In this eventuality, new forms of cross-border payment solutions may well work to the benefit of Big Tech. In 2019, Facebook’s Libra made headlines for its attempt to monetize the social media company’s global network by connecting it with payment services. The plan was shot down by regulators, but in more anarchic circumstances it could have proven successful. 

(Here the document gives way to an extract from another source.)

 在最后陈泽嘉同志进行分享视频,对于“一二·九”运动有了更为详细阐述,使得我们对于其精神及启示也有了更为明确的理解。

Scenario Three—International Monetary Anarchy

The final scenario, which could also take shape amid a monetary crisis, is a payments union involving transnational cooperation among monetary technocrats. Naturally, the question of what an alternative monetary system might look invites all kinds of speculation, but the figure below outlines one possibility that would not entail a break with existing institutions. The general idea is that, after the failing of the swap network and the large-scale winding down of offshore USD, central bankers would agree to redesign the commanding heights of the international monetary system. To this end, they would shift the clearing and settlement of international payments—no longer protected by a US lender of last resort—to an international institution. The clearest candidate would be the Bank for International Settlements (BIS) in Basel, which is also where the international central banking community meets on a regular basis to discuss international monetary affairs. The BIS was once the apex institution for the European Payment Union that existed from 1950 to 1958 and used its own unit of account to operate the clearing and settlement of cross-border payments.

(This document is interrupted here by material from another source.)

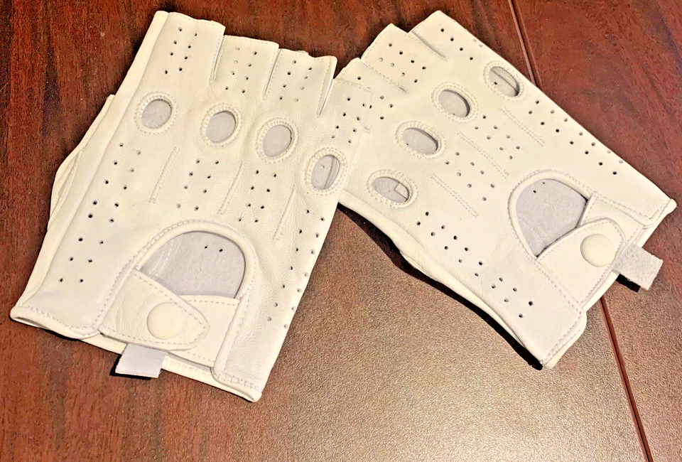 Men Driving Gloves Half finger Finger Less Texting Touch Screen White Size Large

If the BIS were to run an International Payment Union not denominated in USD, it would likely make use of special drawing rights (XDR)—a  basket comprising the world’s major currencies—as a unit of account, since it already uses this internally. In this scenario, in which cross-border payments would have to be cleared via the BIS, it would no longer be necessary to have offshore money creation in national units of account. The scope of currencies would be restricted again to specific  monetary jurisdictions. This would entail some return to monetary sovereignty in a “Westphalian” sense. Because a central-bank-centric system can hardly afford to relegate exchange-rate determination to market forces, it is likely that politically determined fixed but adjustable exchange rates—such as we saw during the Bretton Woods era—would also make a comeback. 

The Trump administration would never agree to such a union, nor would it be supported by any part of the ruling political coalition. This outcome would only be conceivable if the MAGA regime was replaced by a government seeking to rebuild international institutions, backed by US monetary technocrats willing to engage in international monetary cooperation. At present, this looks a long way off. 

Scenario Four—International Payment Union

BIS: Bank for International Settlements; EUR: euro; GBP: British pound; JPY: Japanese yen; RMB: Chinese renminbi; USD: US dollar; XDR: Special Drawing Rights; ZAR: South African rand

The Trump-Miran argument for the need to weaken the value of the dollar betrays a fundamental misunderstanding of the dynamics of the global monetary system. Those who want to translate their nativist politics into monetary precepts have failed to reckon with the credit-based, often offshore-created, nature of money today. What will emerge from this ideological forcefield remains unclear, but it is likely that a number of schisms will develop. Die-hard national-populists will strive for a less integrated global system in the hope of reshoring blue-collar jobs; Wall Street will cleave closer to  the status quo, not wanting to kill the goose that lays the golden eggs; and the libertarians in Silicon Valley will see an opportunity to to promote alternative fintech solutions by wresting control of global payment networks. In each case, attempts to upend the existing framework will surely cause more problems than they solve. As the US erodes an international system that is structured in its favor, it risks deepening its condition of imperial decline. The future monetary order that it is now imposing upon all of us will come with some buyer’s remorse.